In middle school, my friends and I would kind of poke fun at our AP U.S. History teacher for saying U2 was his favorite band. That was back in my “all music made after 1980 sucks, Led Zep rulezzz!” phase. Later on, I got into U2’s ’80s material and loved it. But despite my later appreciation of the band, U2 still provides plenty of material to make fun of — Bono’s signature glasses and white savior complex, thinking it was a good idea to force their last album on Apple users, The Edge calling himself The Edge, and the constant cheesiness of much of their post-2000’s music.

“You’re the Best Thing About Me” does not exactly buck the “cheesy” trend, but despite that, it’s truly a great song. I can’t help but love it. The guitar riff and heavy drumbeat during the verses achieve maximum catchiness. Then there’s the chorus, which is fascinating to me because it’s a perfect amalgamation of U2’s cheesiness and greatness. The first two lines of the chorus, right when Bono starts singing “You’re the best thing about me, the best thing that ever happened a boy” (yes that’s the correct lyric, which, what?), is so sugary sweet, with the strings as the heavily-syruped maraschino cherry on top. But then after an effective build-up from the drums, the chorus repeats itself just as The Edge breaks out into one of his trademark sparkling guitar lines. You know the sparkling guitar lines I’m talking about — the ones that make “Where the Streets Have No Name” or “Ultraviolet (Light My Way)” so great. The second half of the chorus is simply brilliant, exhibiting U2’s undeniable strengths.

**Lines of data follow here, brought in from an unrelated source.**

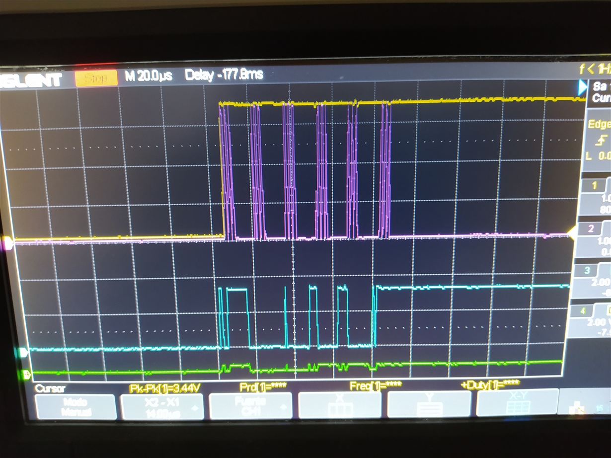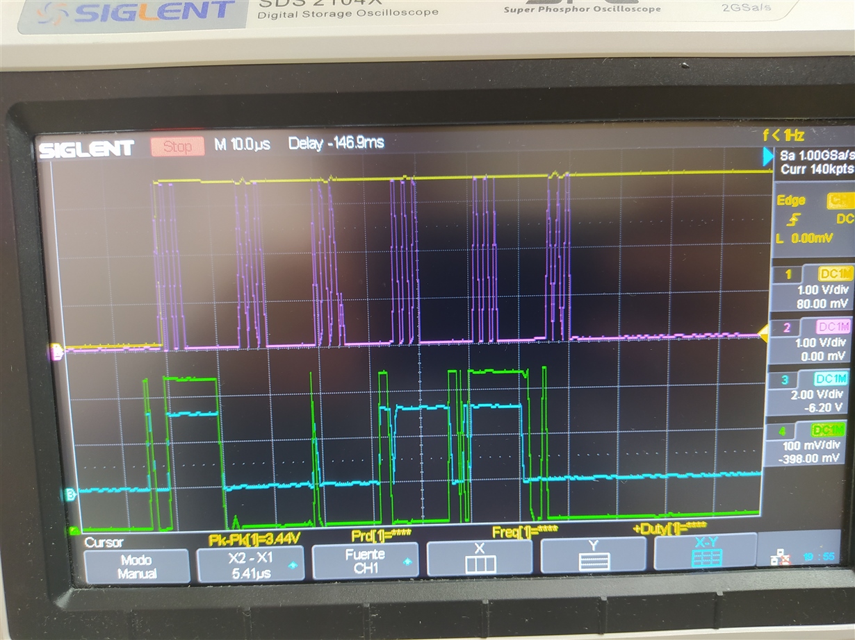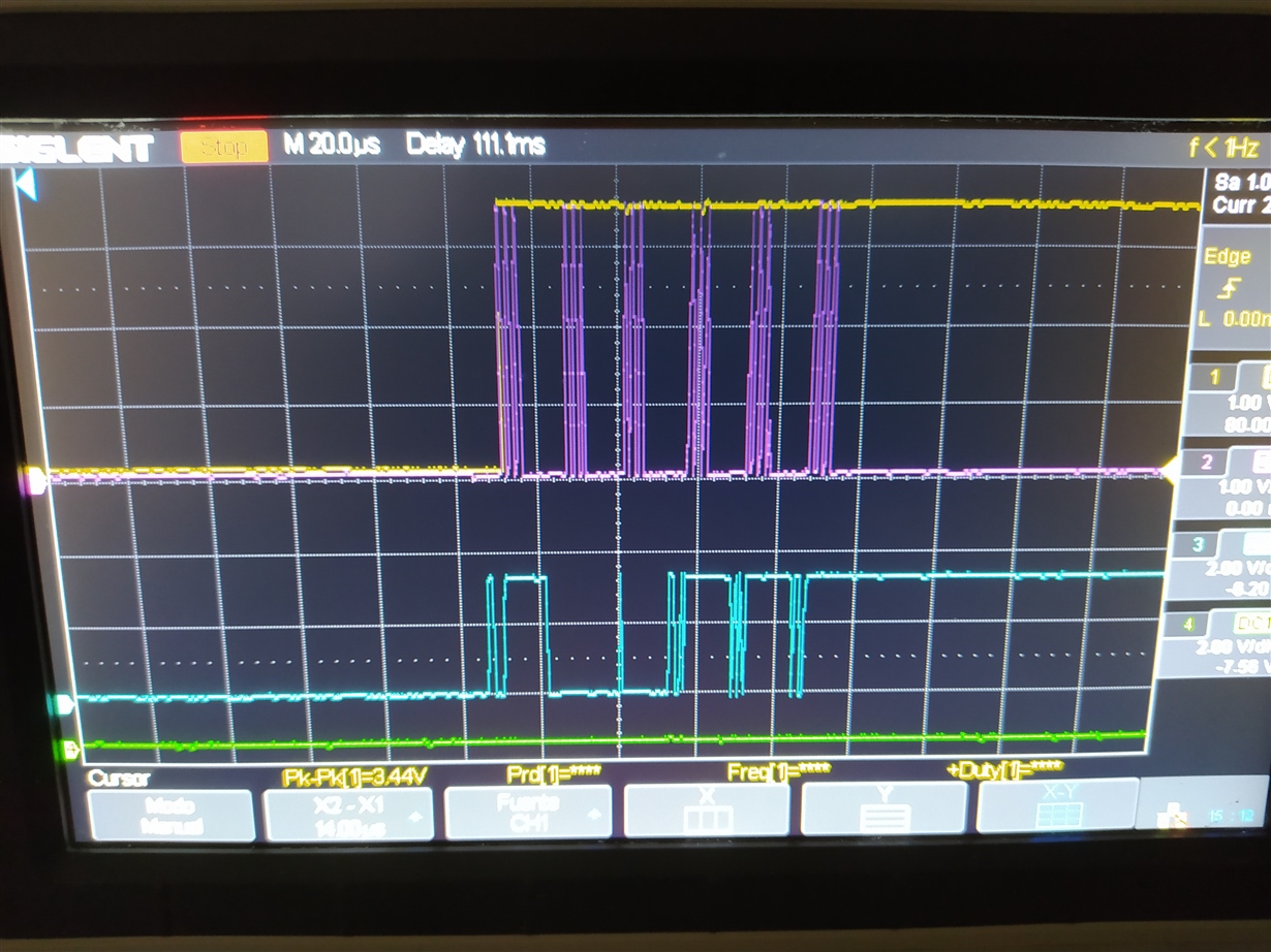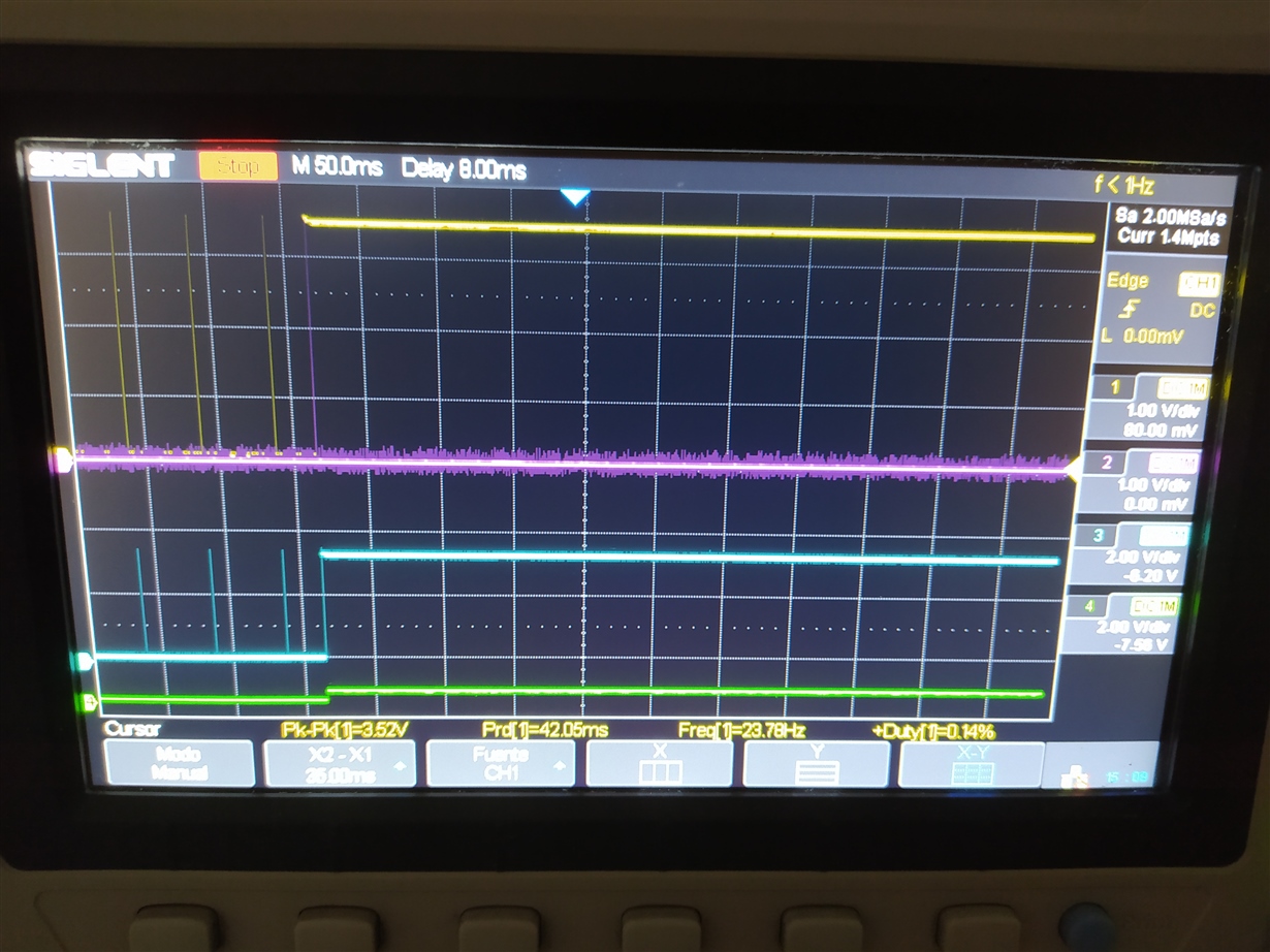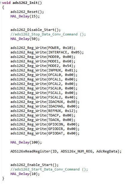 *The initialization of ADS1262 is good, since the registers are written correctly and the pin /DRDY starts to come low to the programmed frequency.
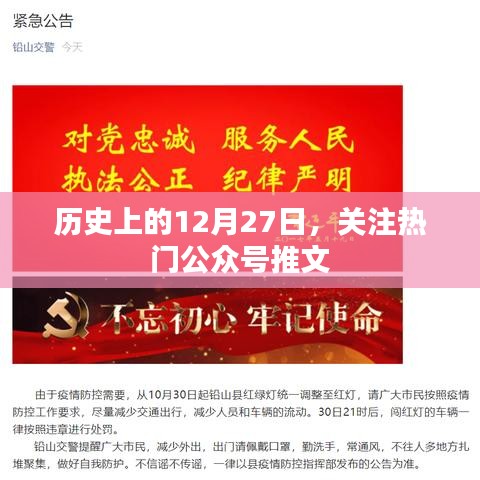 每年的十二月二十七日,都是一个值得纪念的日子,历史上的这一天,或许发生过重大事件,或许某些人物在这一天留下了深刻的足迹,随着社交媒体和网络的普及,我们可以通过各种公众号了解这一天的历史背景、事件和人物故事,本文将带你一起关注热门公众号推文,重温历史上的十二月二十七日。
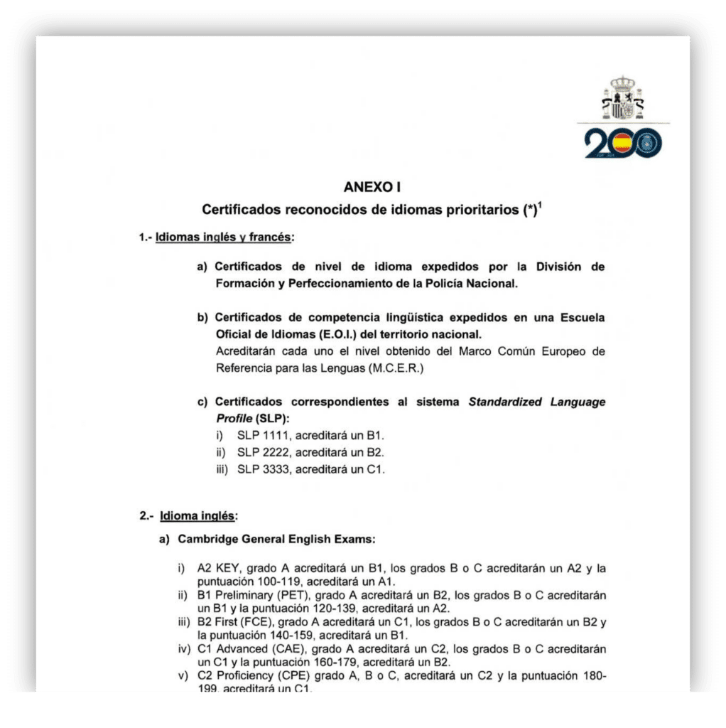 Podrás comprobar que existen 2 anexos: el primero nos enumera los certificados reconocidos de idiomas prioritarios y el segundo los certificados de idiomas de interés policial.
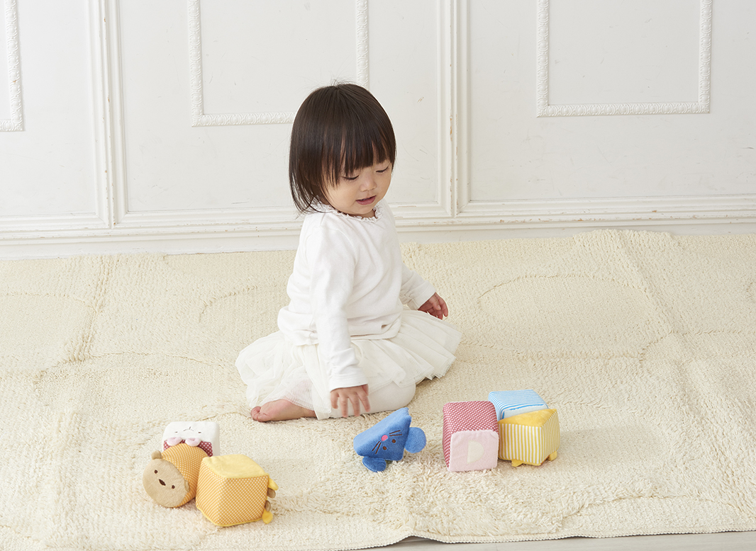 アニマルブロックは優しい肌触りが特徴的です。 布でできているため、ぶつけたりしても痛くないので安心して遊ぶことができます。 アニマルブロックのやわらかい触り心地に赤ちゃんもきっと夢中で遊ぶこと間違いなし。
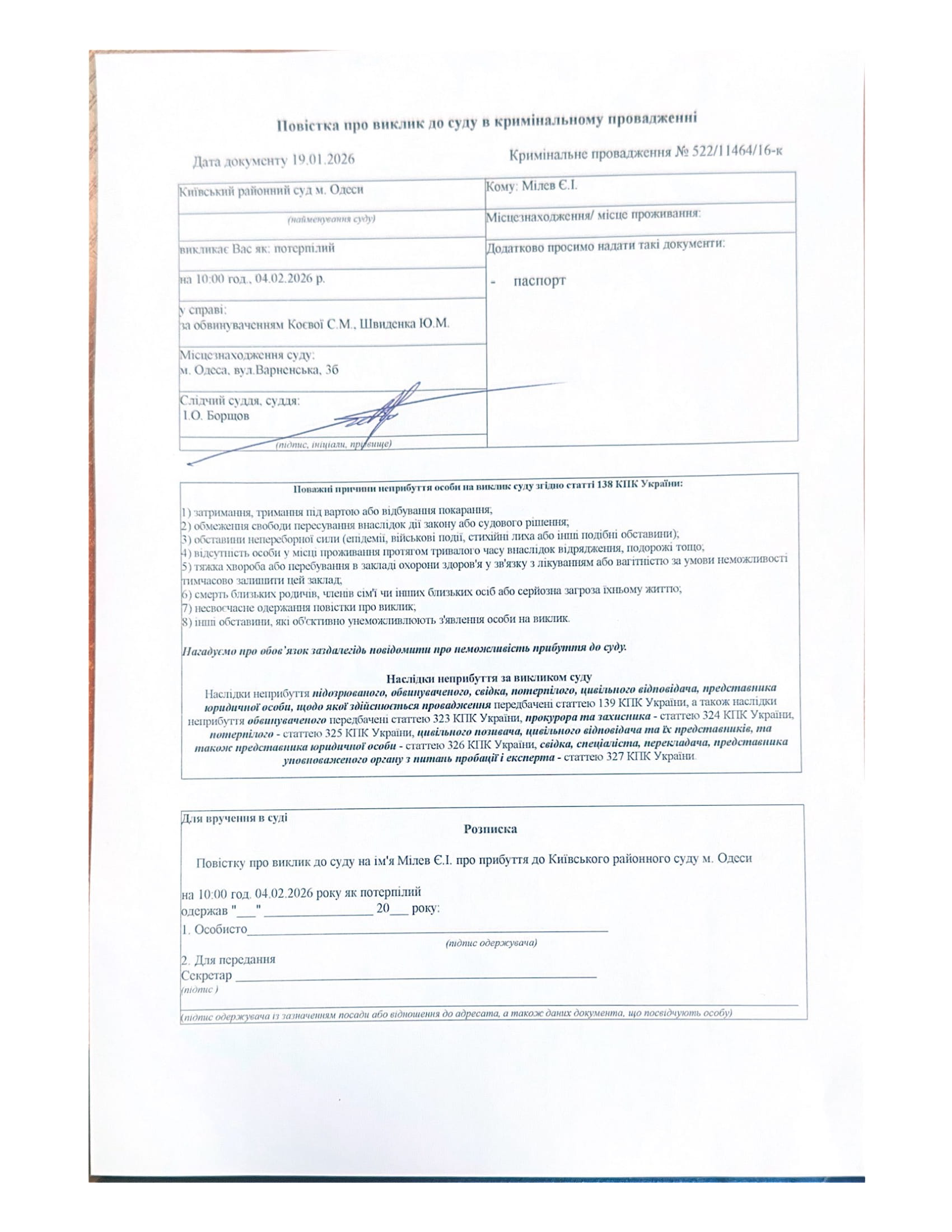 Повідомлення про виклик у судове засідання Мілєв Є.І.

3. Kamasi Washington: “Truth”

Kamasi Washington has been playing jazz for over a decade, breaking through with his appropriately-titled 2015 album, The Epic, but he made himself known to me after Kendrick Lamar featured his jazz stylings on his instant classic from two years ago, To Pimp a Butterfly. He’s come out with a new EP entitled Harmony of Difference, with “Truth” as its exquisite centerpiece. On “Truth,” Washington’s arrangement and tenor sax mastery recalls John Coltrane in his A Love Supreme days. At 13 minutes long, “Truth” never gets old — it constantly finds new ways to excite while holding to its central motif, providing an almost euphoric experience throughout.


4. Phoebe Bridgers: “Motion Sickness”

Los Angeles-native Phoebe Bridgers released an under-the-radar album last month called Stranger in the Alps, full of incredibly gorgeous, soft, pensive reflections. “Motion Sickness” is still relatively soft, but relies on a propulsive beat and muted electric guitars. It jumps right in with an exploration of a past relationship gone awry, as Bridgers sings “I hate you for what you did, and I miss you like a little kid.” Later in the chorus, she comes in with “There are no words in the English language I could scream to drown you out.” Bridgers’ voice sounds beyond her 23 years of age, world-weary and wise, not to mention beautiful.


5. Blue Hawaii: “No One Like You”

I was not expecting to put what basically amounts to a disco song on this list, but here we are. I had never heard of this Montreal-based electronic duo, but the smooth, subtle, dance stylings of “No One Like You” grabbed my attention. It’s just a really pleasant song to listen to. (Check out “Versus Game” as well, I almost put that one on instead.)